Soil Erodibility and Degradation Risk Assessment in Irele and Okitipupa Local Government Areas, Southwest Nigeria: A Multi-Parametric Approach Integrating Erosion Indices with Advanced Multivariate Statistical Analysis Data set
Description
Soil erosion represents one of the most critical land degradation processes threatening agricultural productivity and ecosystem stability in the coastal environments of southwest Nigeria. This study evaluated soil erodibility and degradation risk at six contrasting sampling sites/landscape positions a coastal–inland transect, Upper Interfluve (UI); Lower Interfluve (LI); Shoulder (SH); Upper Linear (UL); Lower Linear (LL) and Foot of the slope (FS) within the Irele and Okitipupa Local Government Areas, Ondo State.

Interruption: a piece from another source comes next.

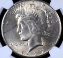 1927年ピースダラーNGC MS 62 淡いレモン色の銀サテンは滑らかでよく打たれています。

A suite of physical, chemical, and erosion-specific parameters was measured, including the Coefficient of Friability Index (CFI), Dispersion Ratio (DR), Clay Dispersion Index (CDI), particle size distribution, bulk density, porosity, hydraulic conductivity, aggregate stability (MWD), organic carbon, and soil reaction. Advanced statistical analyses — including two-way ANOVA, principal component analysis (PCA), hierarchical cluster analysis, Pearson correlation, and variance-covariance modelling were applied. Two-way ANOVA revealed highly significant effects of location (F = 12.43; p < 0.0001), depth (F = 11.36; p = 0.0003), and their interaction (F = 3.11; p = 0.0213). PCA extracted four components explaining 94.1% of total variance, with PC1 (58.4%) dominated by clay content, organic carbon, MWD, CFI, and CDI. Cluster analysis partitioned the six sites into two groups: inland-forest soils (UI, LI, SH, UL) with higher clay (45–59%), greater aggregate stability (MWD: 0.73–0.93 mm), and lower CDI (17.73–21.70%); and coastal-transition soils (LL, FS) with elevated sand content (59–65%), lower CFI (64–67%), higher CDI (32–36%), and greater erodibility. Foreshore soils showed the highest erosion risk. The study underscores the importance of integrating multiple erosion indices with multivariate statistics and visualization tools for accurate land degradation assessment in coastal zones.